St Andrew's Church was first dedicated in 1343 but was extensively rebuilt, at a cost of £3,000, reopening on 8 September 1880. With the exception of the tower and arcade the church was rebuilt by the architect Richard Coad of Liskeard. The new organ was supplied by Hele & Co, of Plymouth. The tower houses a peal of six bells. Memorials include those to the Harris family, active in the English Civil War. Philip Rashleigh, of Menabilly, the famous mineralogist and MP for Fowey, is buried here.
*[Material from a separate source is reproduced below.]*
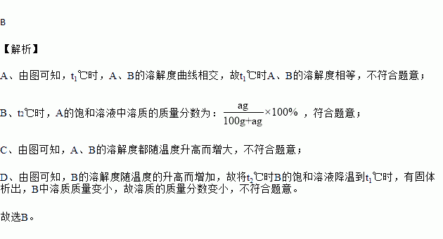 D.将t2℃时B的饱和溶液降温到t1℃时,溶液中溶质的质量分数变小了
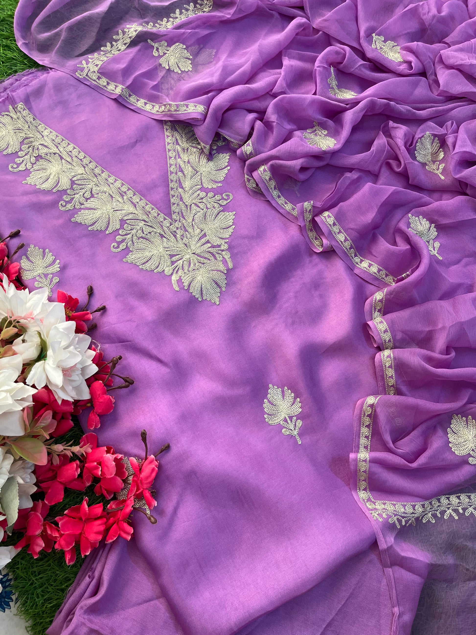 Indulge in the epitome of elegance with this luxury Kashmiri Tilla embroidered suit. Meticulously handcrafted with intricate details, this opulent ensemble exudes regality and showcases the rich cultural heritage of Kashmir.

In 1880 following the rebuild, the bench ends of the Rashleigh aisle recorded the history of the family from Jonathan Rashleigh of 1338, and the many Cornish and Devon families they have married into.

==Historic estates==
There is a Cornish cross outside the northwest angle of Tregaminion chapel. Another cross is also in the chapel grounds; this was found in 1889 in use as a footbridge in Lostwithiel.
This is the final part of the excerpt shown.